Requirement. Write exactly the lines running from the start of the material below to the line that includes "Photograph of a", and include no pictures.

___ Information supplied

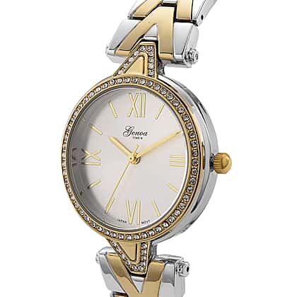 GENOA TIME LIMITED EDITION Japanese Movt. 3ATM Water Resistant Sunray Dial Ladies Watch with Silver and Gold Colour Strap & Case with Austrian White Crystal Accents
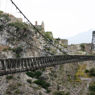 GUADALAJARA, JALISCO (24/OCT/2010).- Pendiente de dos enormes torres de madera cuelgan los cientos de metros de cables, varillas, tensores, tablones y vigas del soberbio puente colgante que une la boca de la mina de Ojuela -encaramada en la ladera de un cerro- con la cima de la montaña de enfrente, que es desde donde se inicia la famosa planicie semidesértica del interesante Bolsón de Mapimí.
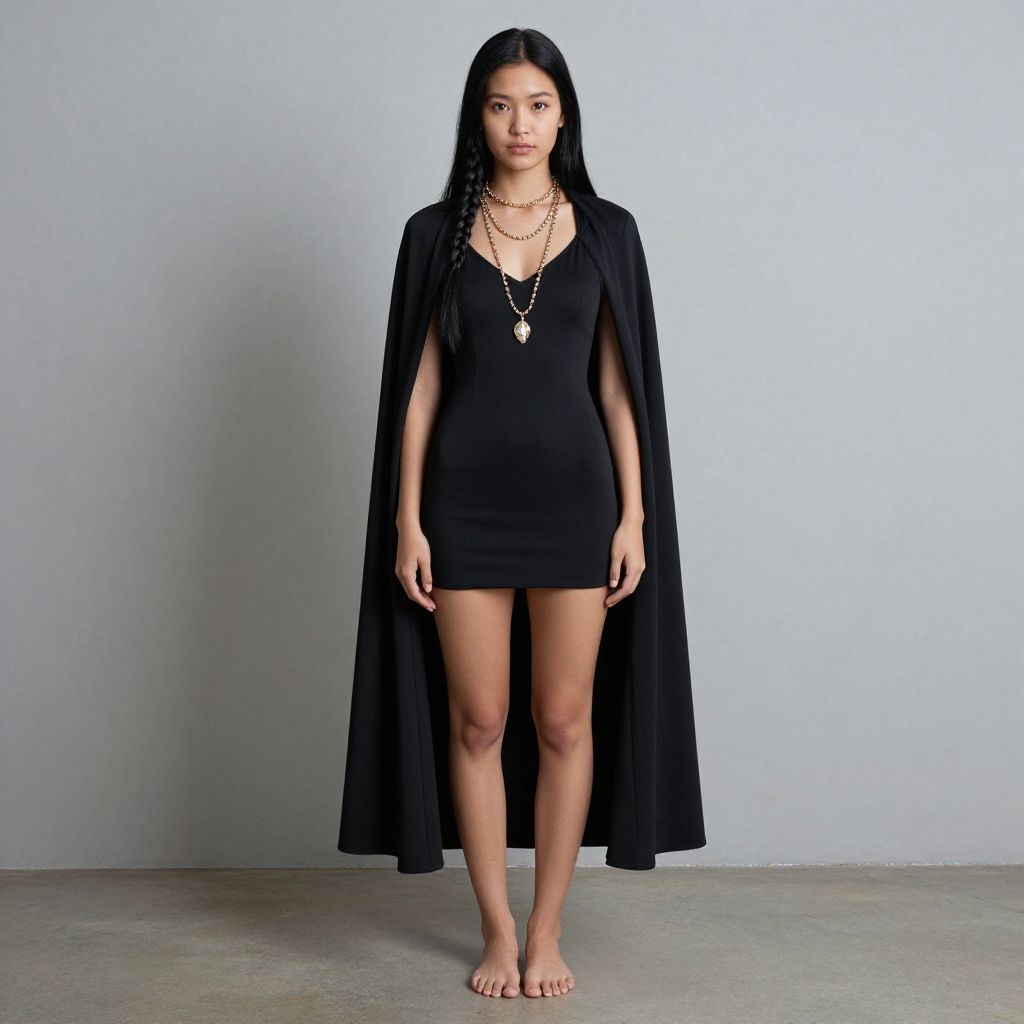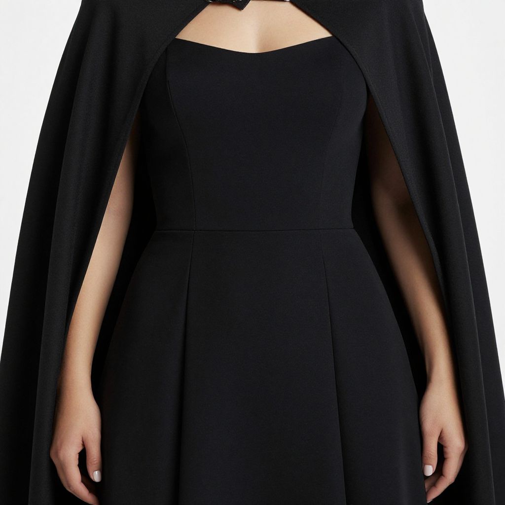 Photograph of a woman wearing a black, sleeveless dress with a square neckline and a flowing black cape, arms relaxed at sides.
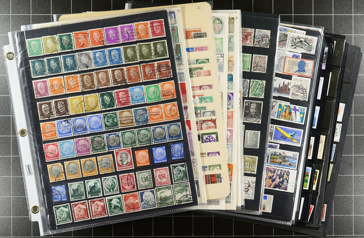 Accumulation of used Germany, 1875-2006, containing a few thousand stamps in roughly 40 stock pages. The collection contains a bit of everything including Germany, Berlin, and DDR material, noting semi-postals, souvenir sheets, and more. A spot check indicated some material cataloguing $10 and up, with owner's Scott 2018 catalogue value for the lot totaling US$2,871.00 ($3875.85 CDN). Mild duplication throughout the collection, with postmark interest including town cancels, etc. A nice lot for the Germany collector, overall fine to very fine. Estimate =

______

Task solution.
 GENOA TIME LIMITED EDITION Japanese Movt. 3ATM Water Resistant Sunray Dial Ladies Watch with Silver and Gold Colour Strap & Case with Austrian White Crystal Accents
 GUADALAJARA, JALISCO (24/OCT/2010).- Pendiente de dos enormes torres de madera cuelgan los cientos de metros de cables, varillas, tensores, tablones y vigas del soberbio puente colgante que une la boca de la mina de Ojuela -encaramada en la ladera de un cerro- con la cima de la montaña de enfrente, que es desde donde se inicia la famosa planicie semidesértica del interesante Bolsón de Mapimí.
 Photograph of a woman wearing a black, sleeveless dress with a square neckline and a flowing black cape, arms relaxed at sides.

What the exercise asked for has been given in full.